**TASK ITEM:** From the line containing "This aerial photo" to the line containing "This oversized tee" in the entries below, reproduce every line exactly, ends included. Nothing else belongs in the copy, and no pictures.

*** Opening of RECORDS TO USE ***

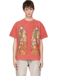 Cotton jersey T-shirt. · Fading throughout · Rib-knit crewneck · Printed logo graphics with rhinestones at front and back · Cropped hem Supplier color: Ruby 100% cotton. Made in Turkey 252389M213057
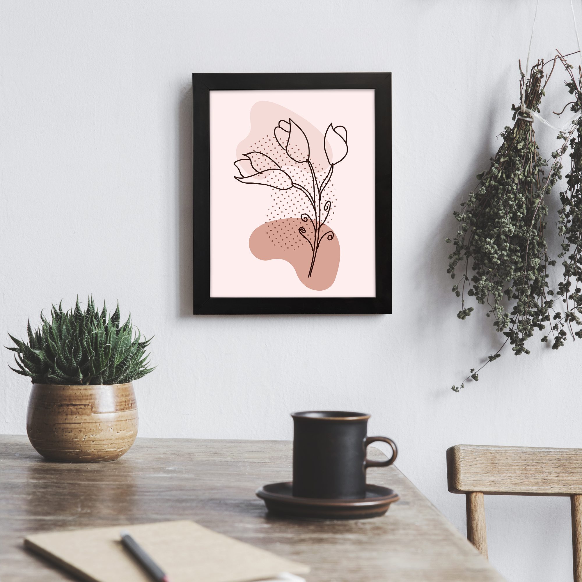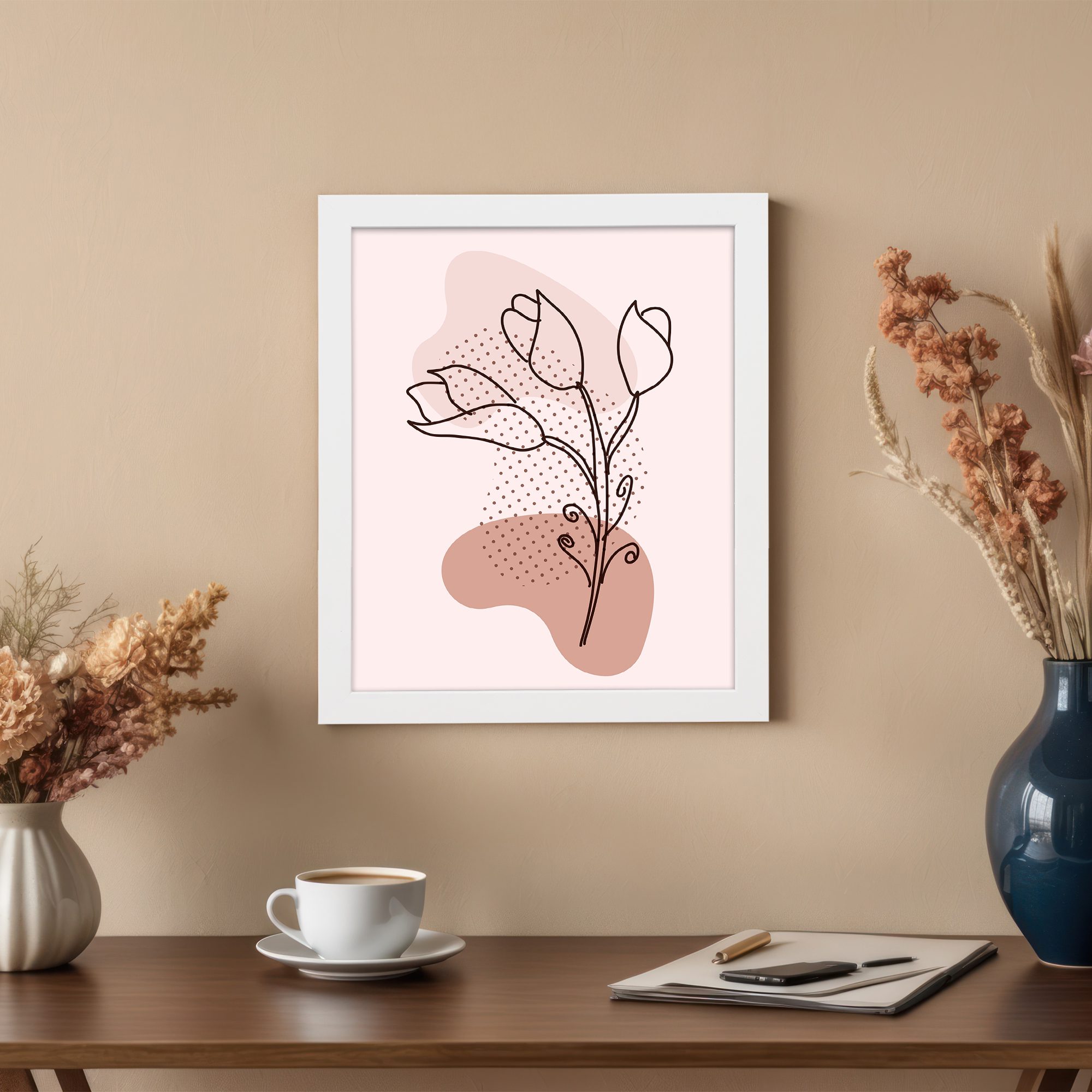 Bring a soft and artistic feel to your space with our Minimalist Wall Art. This design features delicate floral line art enhanced with abstract shapes and dotted textures, creating a clean yet expressive composition.
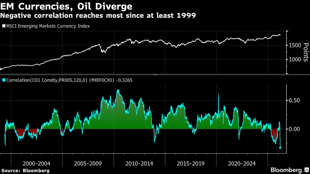 2、中东地缘政治冲突引发的能源供应冲击,正推动布伦特原油期货以2020年以来最快速度飙升,而MSCI新兴市场货币指数则迈向2024年底以来最严重月度跌幅,两者120日移动平均相关系数已降至-0.34,为1999年有数据以来最低水平。此轮油价上涨由供应中断而非全球需求增长驱动,使原油价格转变为避险交易的催化剂,促使资本从发展中国家回流美国资产,逆转了过去两者间的正相关性。
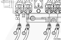 從發(fā)動(dòng)機(jī)線束上拆下全部 P 形夾和線束固定支架,然后拆卸線束。使用一把 4 mm [5/32 in] 六角扳手從 ECM 上斷開發(fā)動(dòng)機(jī)線束 Deutsch 接頭。
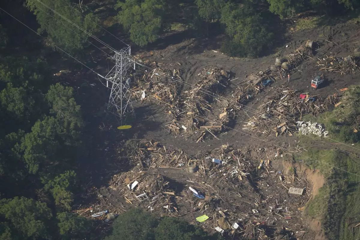 This aerial photo shows debris covering the ground in Hunt, Texas on Thursday, July 10, 2025. (AP Photo/Gerald Herbert)
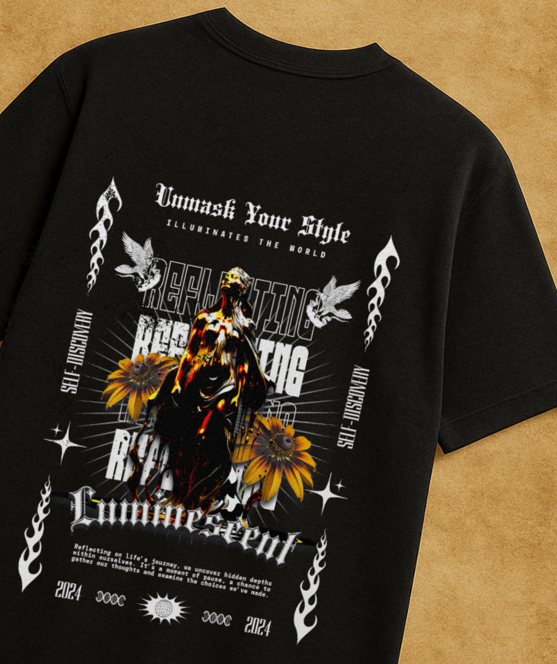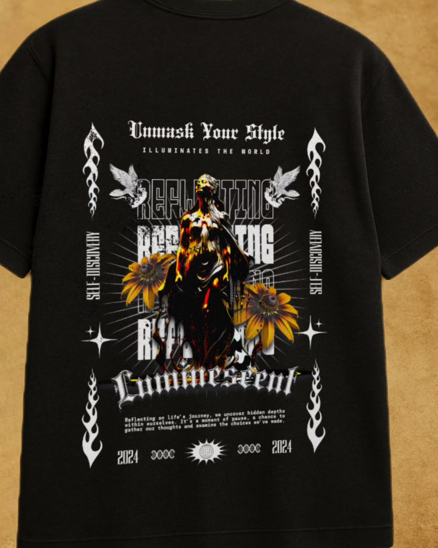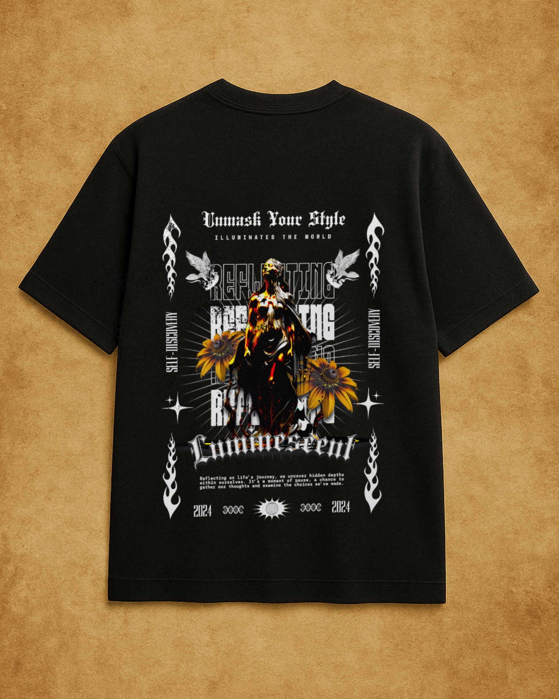 This oversized tee features a molten figure surrounded by blooming sunflowers, layered with gothic typography and spiritual fire motifs.
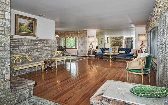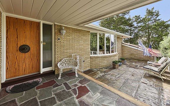 Sprawling Custom Solid Brick Ranch nestled on over an acre of park-like property w/a lush surround. Meticulous home offers 3 Bedrooms, 2.1 baths & a huge finished basement that walks-out from garage. Large sun-filled Living Rm w/hearthstone wood-burning fireplace transitions to a banquet sized Dining Rm for gatherings. Beautiful Kitchen enhanced w/granite and SS appliances opening to Breakfast Rm w/sliders to patio. An expansive Great Room provides vistas of the gardens & a natural backdrop. The front slate open porch has commanding views of Northwestern, NJ. A separate wing offers a MBS w/newer en-suite bath w/over-sized shower, 2 add l Bedrooms & main bath. Enormous basement w/endless potential; bath, office, storage, rec room,laundry and more! NYC transit at corner. Easy access to schools and highways.
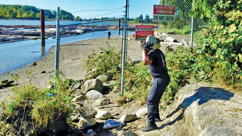 肩頭扛大石,挺身復屈膝。鍛練菲河邊,不去健身室 。星島記者攝
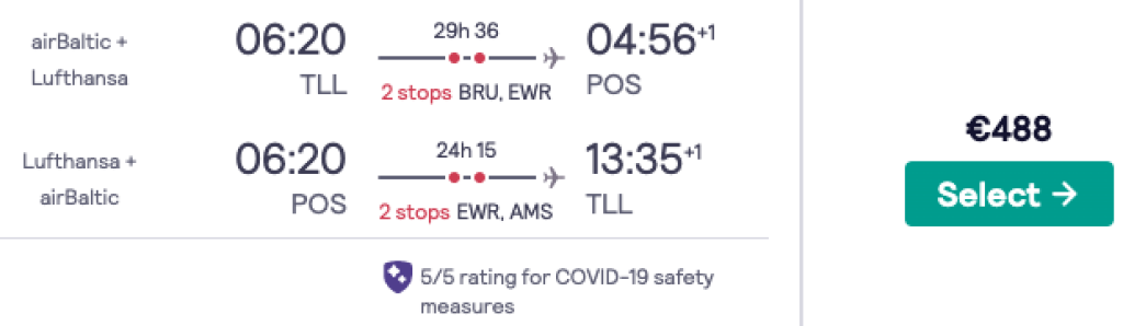 Lufthansa koostöös airbalticu ning Unitediga pakuvad hetkel väga hea hinnaga lennupileteid Tallinnast Trinidad ja Tobagole. Edasi-tagasi lennupiletid Tallinnast Port of Spaini leiab üles alates 488€ eest ning soodsa hinnaga lennupileteid leiab märtsi lõpust kuni juuli keskpaigani. Lennupiletite hinna sees on nii äraantav pagas kui toitlustamine. Lennupiletite ostmiseks kliki allpool olevatel näidiskuupäevadel või otsi endale sobivad lennupiletid üles läbi Skyscanneri
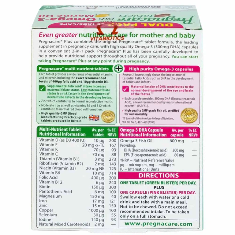 Pregnacare Plus Omega-3 bổ sung vitamin và khoáng chất cho phụ nữ mang thai và cho con bú.

*** Close of RECORDS TO USE ***

**ANSWER BOX:**
 This aerial photo shows debris covering the ground in Hunt, Texas on Thursday, July 10, 2025. (AP Photo/Gerald Herbert)
 This oversized tee features a molten figure surrounded by blooming sunflowers, layered with gothic typography and spiritual fire motifs.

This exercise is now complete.